> _Given data_
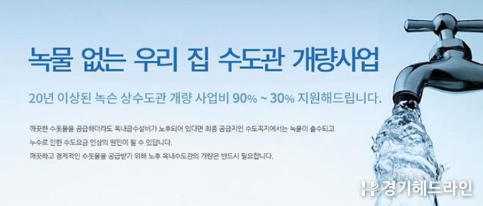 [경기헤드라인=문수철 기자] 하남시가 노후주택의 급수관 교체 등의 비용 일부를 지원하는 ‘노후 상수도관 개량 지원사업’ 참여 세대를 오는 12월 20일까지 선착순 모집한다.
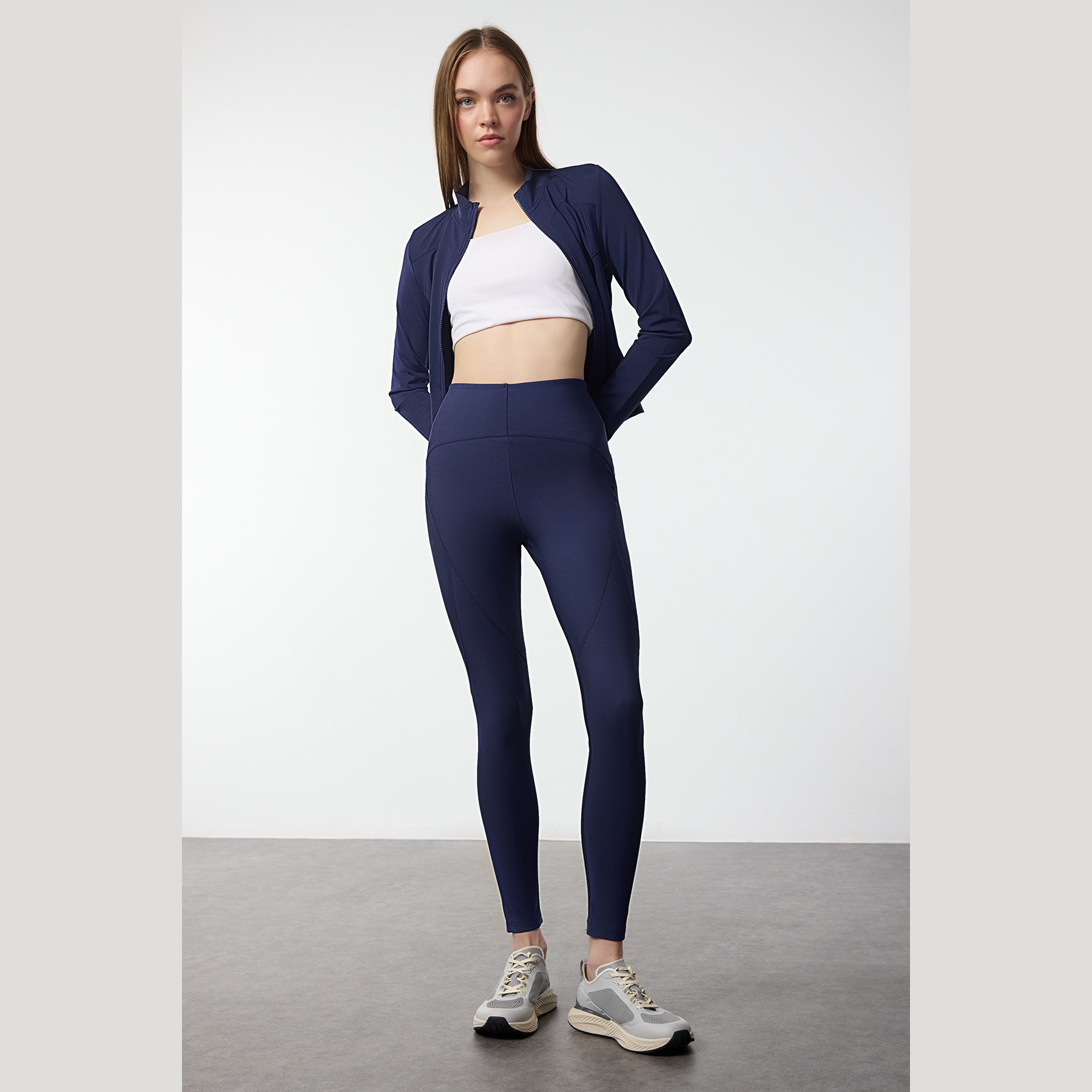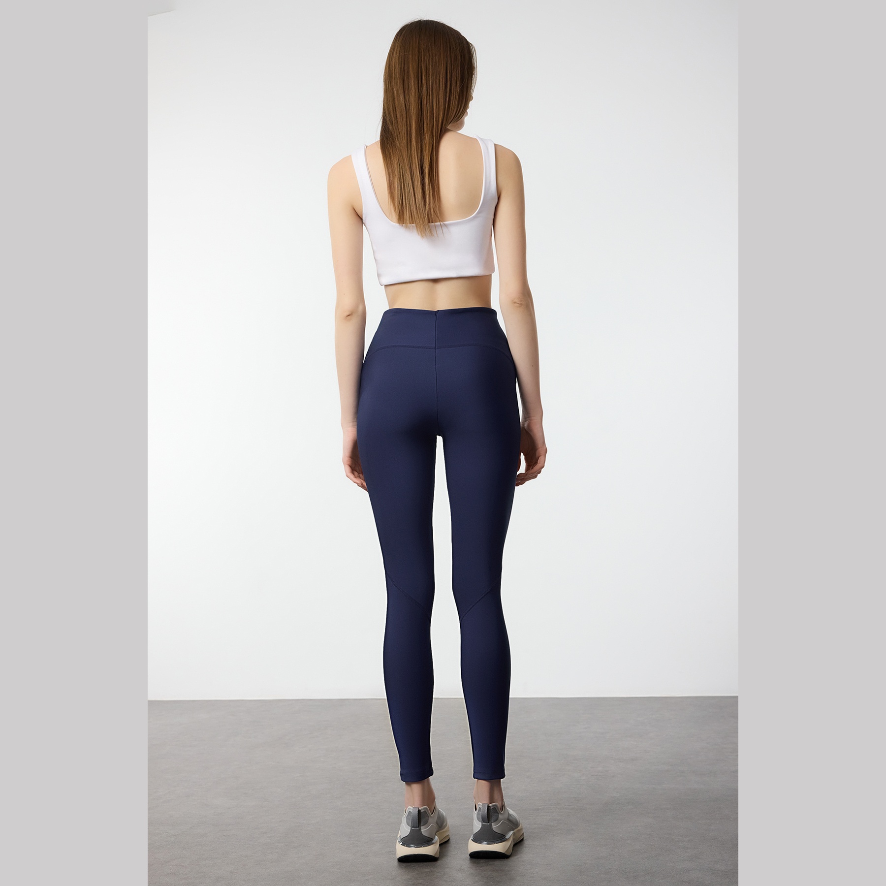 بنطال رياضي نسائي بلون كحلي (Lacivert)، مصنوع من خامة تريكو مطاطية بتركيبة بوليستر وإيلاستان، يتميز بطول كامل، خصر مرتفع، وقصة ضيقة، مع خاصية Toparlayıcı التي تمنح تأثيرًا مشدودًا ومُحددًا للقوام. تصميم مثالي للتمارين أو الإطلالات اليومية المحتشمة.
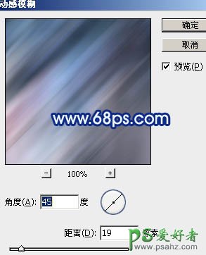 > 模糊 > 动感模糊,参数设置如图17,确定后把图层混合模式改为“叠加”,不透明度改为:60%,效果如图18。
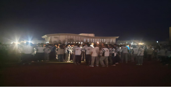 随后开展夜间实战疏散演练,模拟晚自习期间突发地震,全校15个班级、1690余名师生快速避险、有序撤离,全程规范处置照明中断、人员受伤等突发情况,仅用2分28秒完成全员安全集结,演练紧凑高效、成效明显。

> _Directions_
Strip out the pictures and repeat the listing above exactly.

> _Exercise output_
 [경기헤드라인=문수철 기자] 하남시가 노후주택의 급수관 교체 등의 비용 일부를 지원하는 ‘노후 상수도관 개량 지원사업’ 참여 세대를 오는 12월 20일까지 선착순 모집한다.
 بنطال رياضي نسائي بلون كحلي (Lacivert)، مصنوع من خامة تريكو مطاطية بتركيبة بوليستر وإيلاستان، يتميز بطول كامل، خصر مرتفع، وقصة ضيقة، مع خاصية Toparlayıcı التي تمنح تأثيرًا مشدودًا ومُحددًا للقوام. تصميم مثالي للتمارين أو الإطلالات اليومية المحتشمة.
 > 模糊 > 动感模糊,参数设置如图17,确定后把图层混合模式改为“叠加”,不透明度改为:60%,效果如图18。
 随后开展夜间实战疏散演练,模拟晚自习期间突发地震,全校15个班级、1690余名师生快速避险、有序撤离,全程规范处置照明中断、人员受伤等突发情况,仅用2分28秒完成全员安全集结,演练紧凑高效、成效明显。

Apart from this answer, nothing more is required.